[[ Extracted entries, beginning ]]
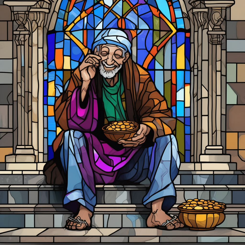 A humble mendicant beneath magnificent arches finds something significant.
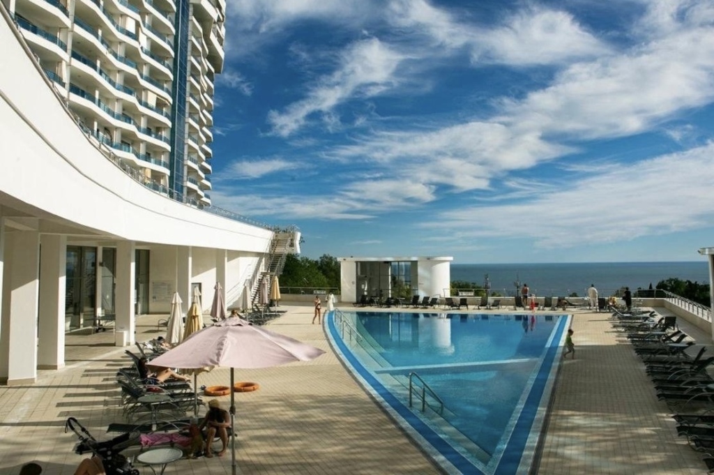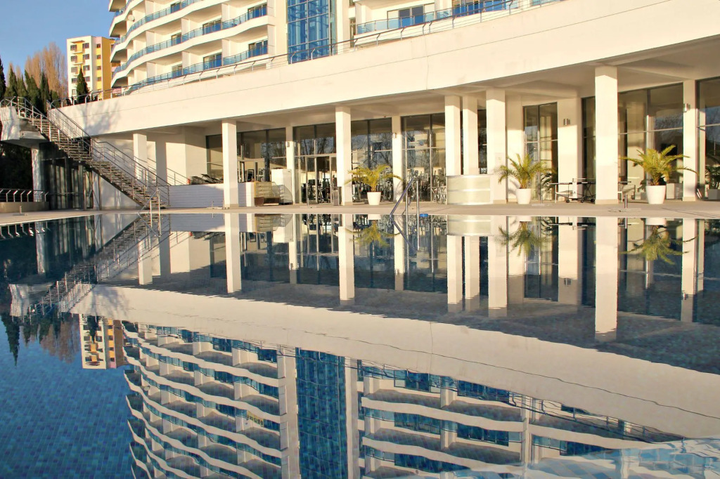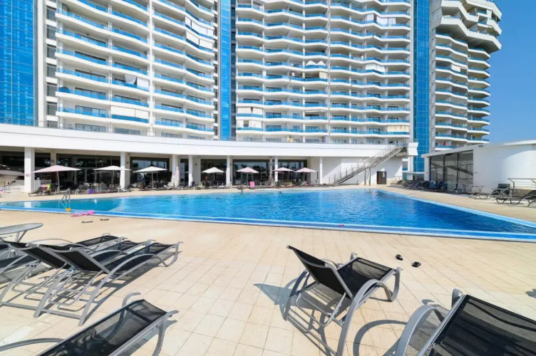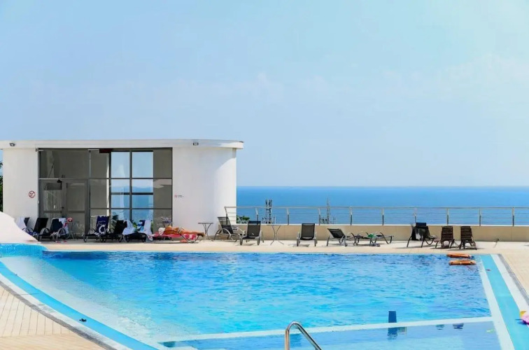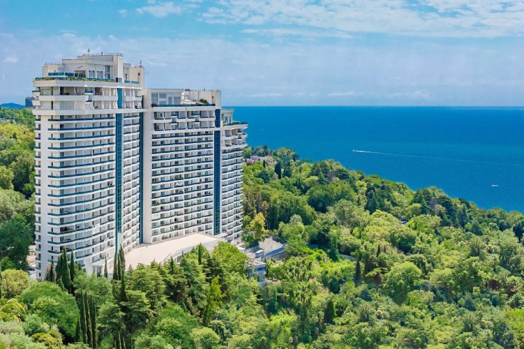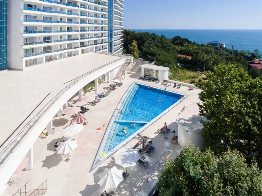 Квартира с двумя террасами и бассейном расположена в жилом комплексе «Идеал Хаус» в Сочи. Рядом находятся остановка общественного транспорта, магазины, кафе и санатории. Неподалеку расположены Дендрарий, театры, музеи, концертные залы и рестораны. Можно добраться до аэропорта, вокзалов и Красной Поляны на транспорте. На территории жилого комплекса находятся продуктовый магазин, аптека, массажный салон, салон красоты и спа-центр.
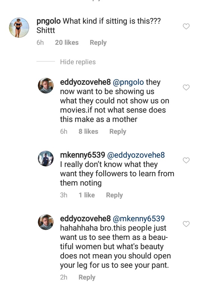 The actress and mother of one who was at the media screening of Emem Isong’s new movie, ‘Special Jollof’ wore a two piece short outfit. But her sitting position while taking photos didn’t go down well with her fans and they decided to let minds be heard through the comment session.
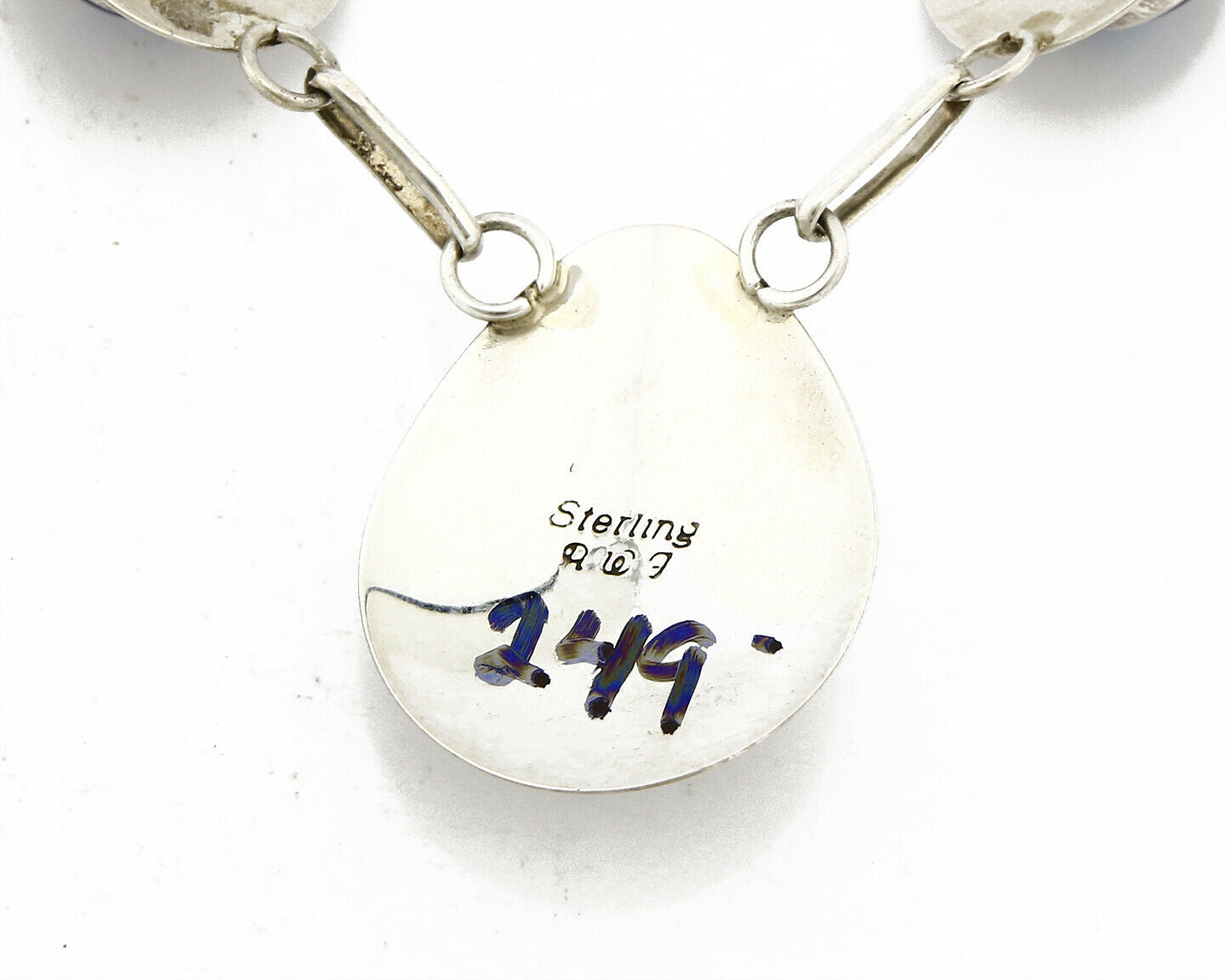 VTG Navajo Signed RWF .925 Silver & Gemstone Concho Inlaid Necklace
[[ Extracted entries, end ]]
[[ Extracted entries, beginning ]]
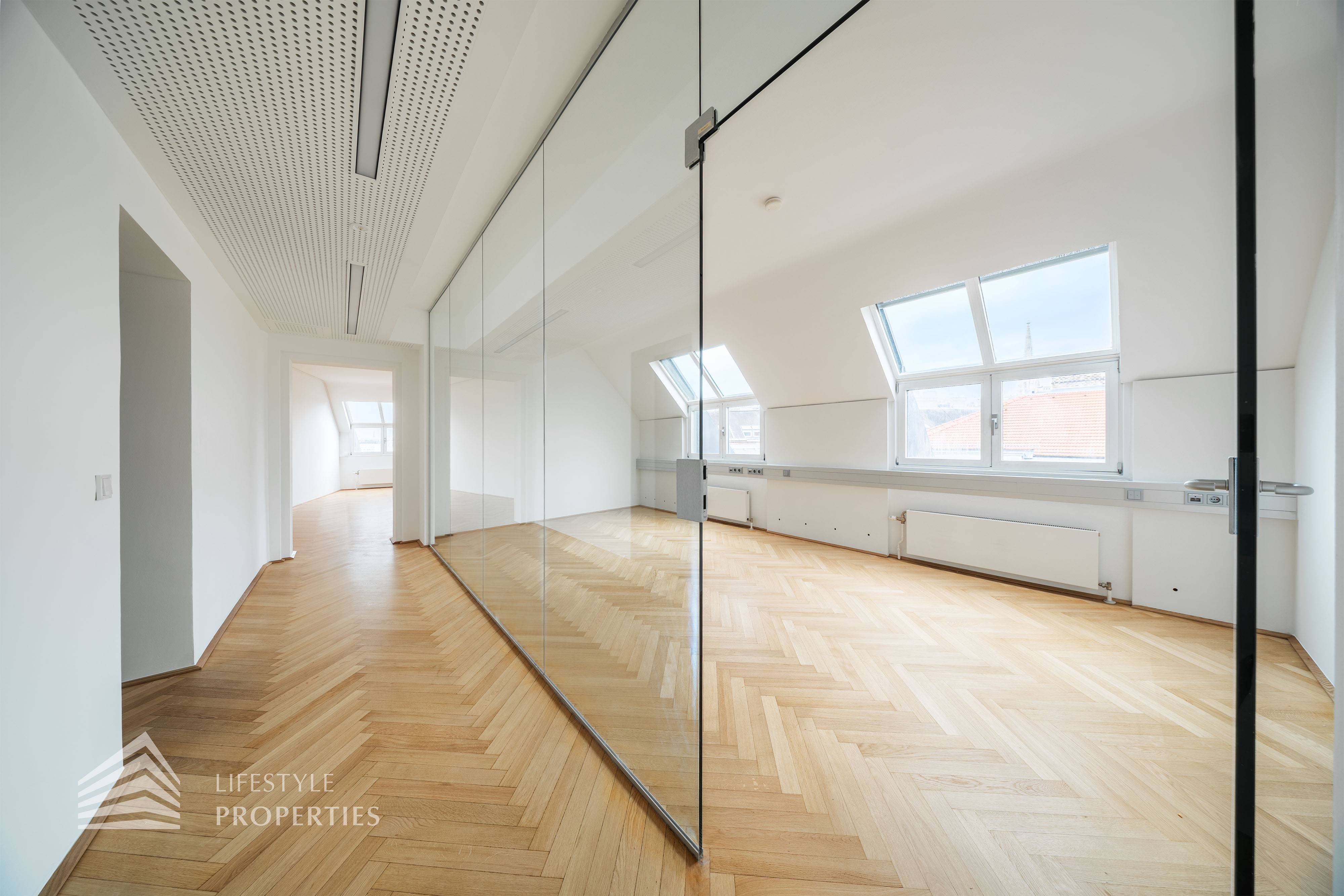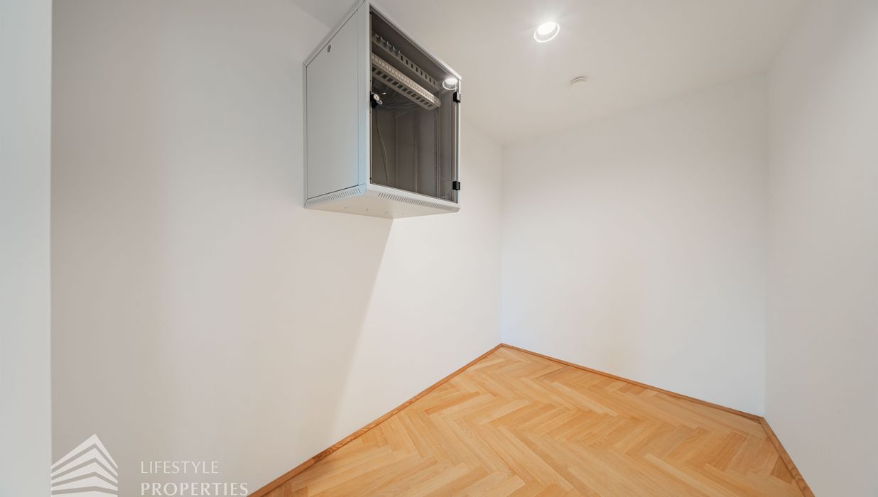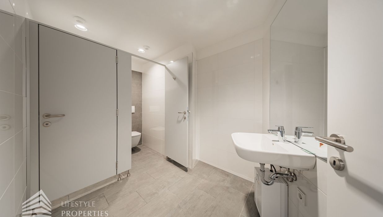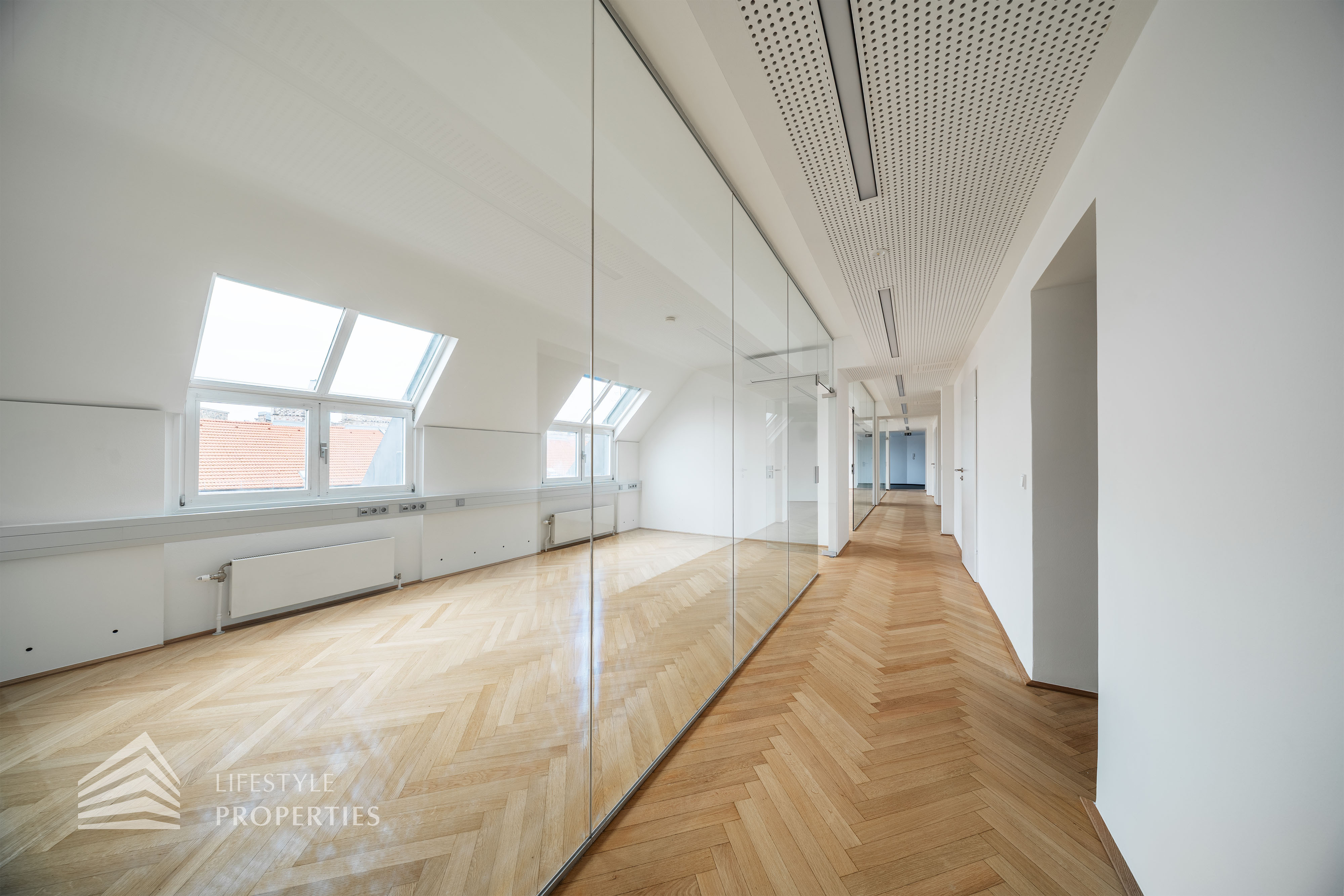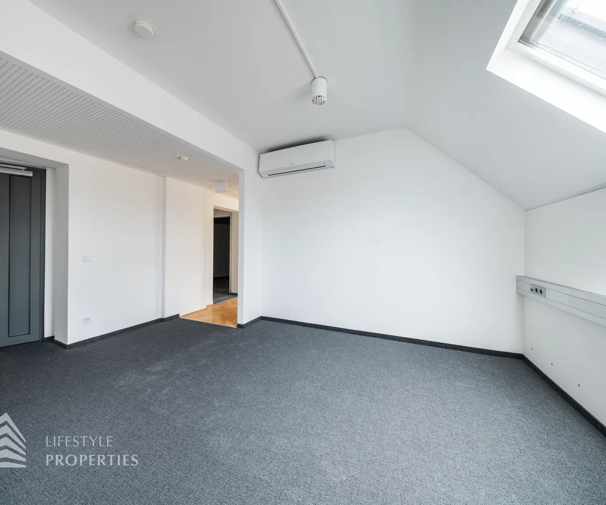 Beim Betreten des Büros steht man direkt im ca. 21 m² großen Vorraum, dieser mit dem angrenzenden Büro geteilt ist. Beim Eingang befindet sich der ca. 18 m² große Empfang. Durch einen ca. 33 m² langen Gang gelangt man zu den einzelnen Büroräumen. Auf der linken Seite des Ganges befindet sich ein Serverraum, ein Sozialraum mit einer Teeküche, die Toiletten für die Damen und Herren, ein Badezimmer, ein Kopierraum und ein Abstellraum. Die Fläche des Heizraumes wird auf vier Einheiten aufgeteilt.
[[ Extracted entries, end ]]
[[ Extracted entries, beginning ]]
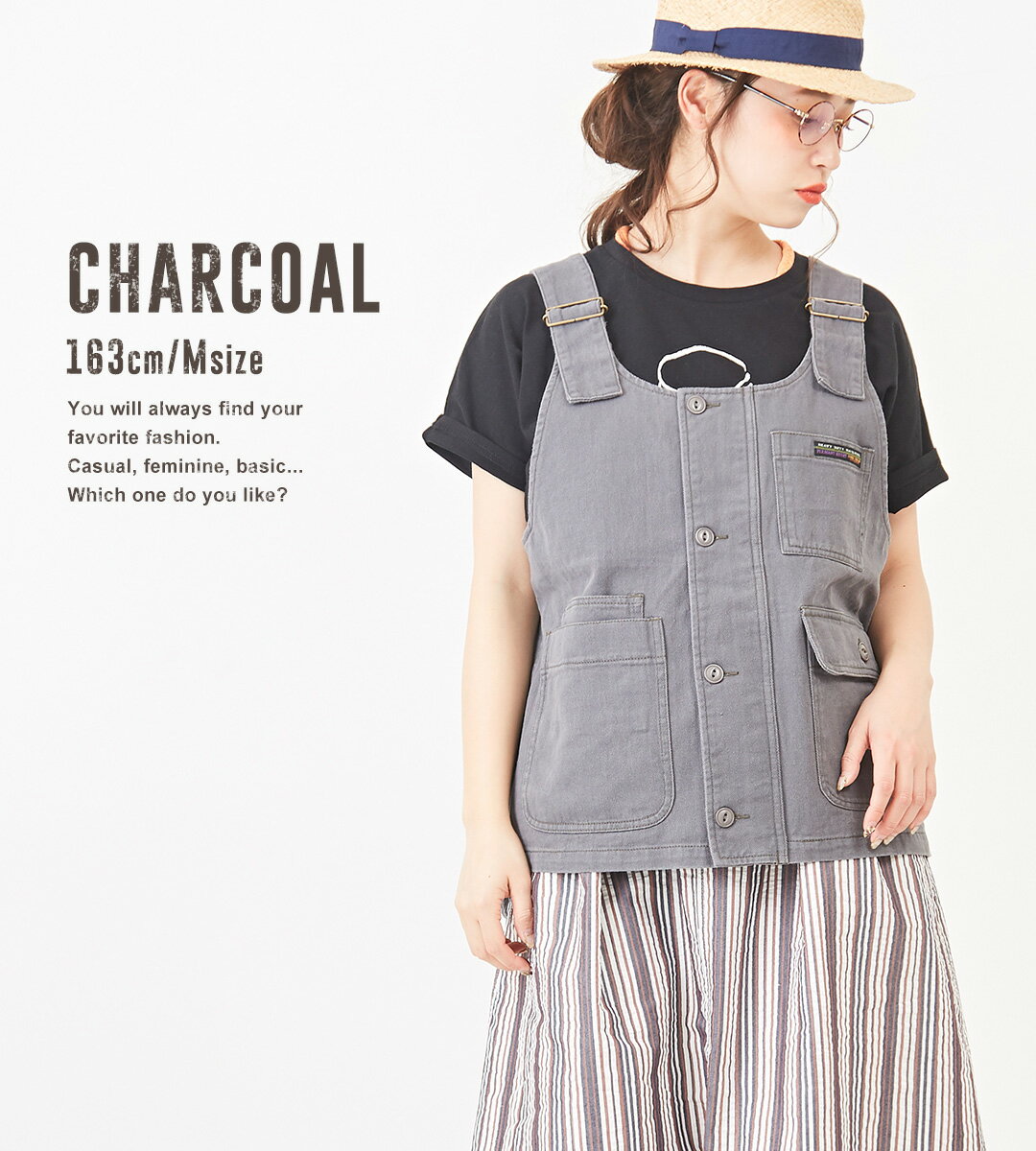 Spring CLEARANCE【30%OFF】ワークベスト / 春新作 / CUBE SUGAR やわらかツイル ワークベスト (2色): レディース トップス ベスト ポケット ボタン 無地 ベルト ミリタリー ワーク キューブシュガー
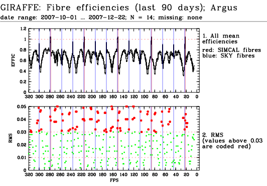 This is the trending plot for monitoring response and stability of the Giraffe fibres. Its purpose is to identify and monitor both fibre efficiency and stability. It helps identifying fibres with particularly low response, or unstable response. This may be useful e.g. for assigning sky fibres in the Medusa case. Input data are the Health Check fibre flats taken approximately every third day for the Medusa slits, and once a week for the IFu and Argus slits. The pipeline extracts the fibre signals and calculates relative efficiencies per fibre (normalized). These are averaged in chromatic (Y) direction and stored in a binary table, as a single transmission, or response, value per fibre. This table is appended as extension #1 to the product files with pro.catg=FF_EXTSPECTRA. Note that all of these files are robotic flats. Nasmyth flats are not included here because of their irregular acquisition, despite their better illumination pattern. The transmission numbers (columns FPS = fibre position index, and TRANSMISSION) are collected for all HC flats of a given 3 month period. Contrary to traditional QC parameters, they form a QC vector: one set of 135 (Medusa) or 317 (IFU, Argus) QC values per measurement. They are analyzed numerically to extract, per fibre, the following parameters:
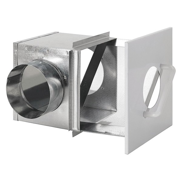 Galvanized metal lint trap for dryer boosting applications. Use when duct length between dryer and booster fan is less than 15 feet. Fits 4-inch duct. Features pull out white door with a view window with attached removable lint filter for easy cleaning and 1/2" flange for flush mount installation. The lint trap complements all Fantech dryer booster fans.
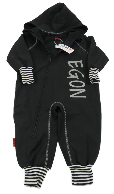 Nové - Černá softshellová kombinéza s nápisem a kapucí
[[ Extracted entries, end ]]
Starting at the line containing "Spring CLEARANCE【30%OFF】ワークベスト /" and stopping at the line containing "This is the", output each line exactly as it appears above. Leave out the pictures.

 Spring CLEARANCE【30%OFF】ワークベスト / 春新作 / CUBE SUGAR やわらかツイル ワークベスト (2色): レディース トップス ベスト ポケット ボタン 無地 ベルト ミリタリー ワーク キューブシュガー
 This is the trending plot for monitoring response and stability of the Giraffe fibres. Its purpose is to identify and monitor both fibre efficiency and stability. It helps identifying fibres with particularly low response, or unstable response. This may be useful e.g. for assigning sky fibres in the Medusa case. Input data are the Health Check fibre flats taken approximately every third day for the Medusa slits, and once a week for the IFu and Argus slits. The pipeline extracts the fibre signals and calculates relative efficiencies per fibre (normalized). These are averaged in chromatic (Y) direction and stored in a binary table, as a single transmission, or response, value per fibre. This table is appended as extension #1 to the product files with pro.catg=FF_EXTSPECTRA. Note that all of these files are robotic flats. Nasmyth flats are not included here because of their irregular acquisition, despite their better illumination pattern. The transmission numbers (columns FPS = fibre position index, and TRANSMISSION) are collected for all HC flats of a given 3 month period. Contrary to traditional QC parameters, they form a QC vector: one set of 135 (Medusa) or 317 (IFU, Argus) QC values per measurement. They are analyzed numerically to extract, per fibre, the following parameters:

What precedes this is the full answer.